For a rigid diatomic molecule (without vibrational modes):

Degrees of freedom:

Translation: 3

Rotation: 2

Total: 5

The molar specific heat at constant volume is given by:

$$C_v = \frac{5}{2}R$$

At constant pressure, it is:

$$C_p = C_v + R = \frac{5}{2}R + R = \frac{7}{2}R$$

Therefore, the ratio is:

$$\gamma_1 = \frac{C_p}{C_v} = \frac{\frac{7}{2}R}{\frac{5}{2}R} = \frac{7}{5} \approx 1.4$$

For the diatomic molecule that also has vibrational modes (assuming the vibrational mode is fully excited):

Additional vibrational mode contributions:

Each vibrational mode contributes 2 degrees of freedom (one kinetic and one potential).

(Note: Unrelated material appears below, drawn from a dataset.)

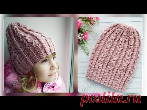 Подробный МК // Шапка спицами для девочки
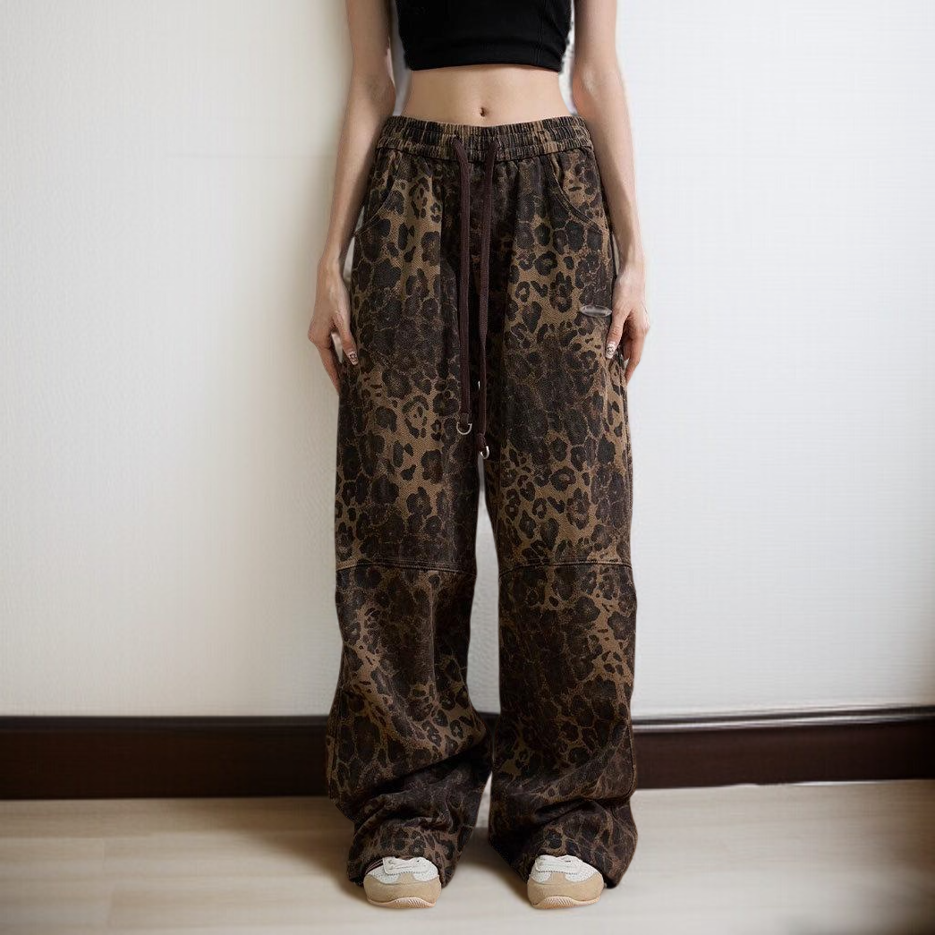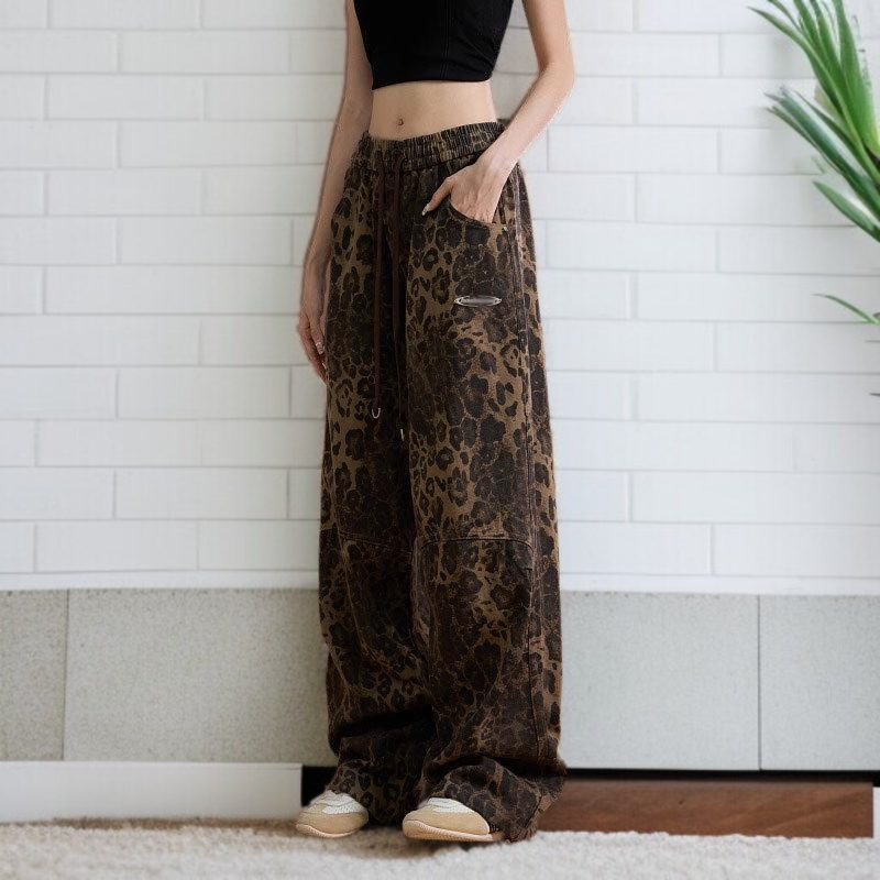 바지 여성 힙합 카고 팬츠 추동 일자 맨투맨 팬츠 캐주얼 팬츠 여자 호피 스트릿 댄스 아메리카 맨투맨

Therefore, the degrees of freedom become:

$$3\ (\text{translation}) + 2\ (\text{rotation}) + 2\ (\text{vibration}) = 7$$

The molar specific heat at constant volume now is:

$$C_v = \frac{7}{2}R$$

And at constant pressure:

$$C_p = C_v + R = \frac{7}{2}R + R = \frac{9}{2}R$$

Thus, the ratio is:

$$\gamma_2 = \frac{C_p}{C_v} = \frac{\frac{9}{2}R}{\frac{7}{2}R} = \frac{9}{7} \approx 1.2857$$

Comparison:

For the rigid molecule, $$\gamma_1 \approx 1.4$$.

For the molecule with vibrational modes, $$\gamma_2 \approx 1.2857$$.

Clearly, $$\gamma_2 < \gamma_1$$.

Therefore, the correct option is:

Option A: $$\gamma_2 < \gamma_1$$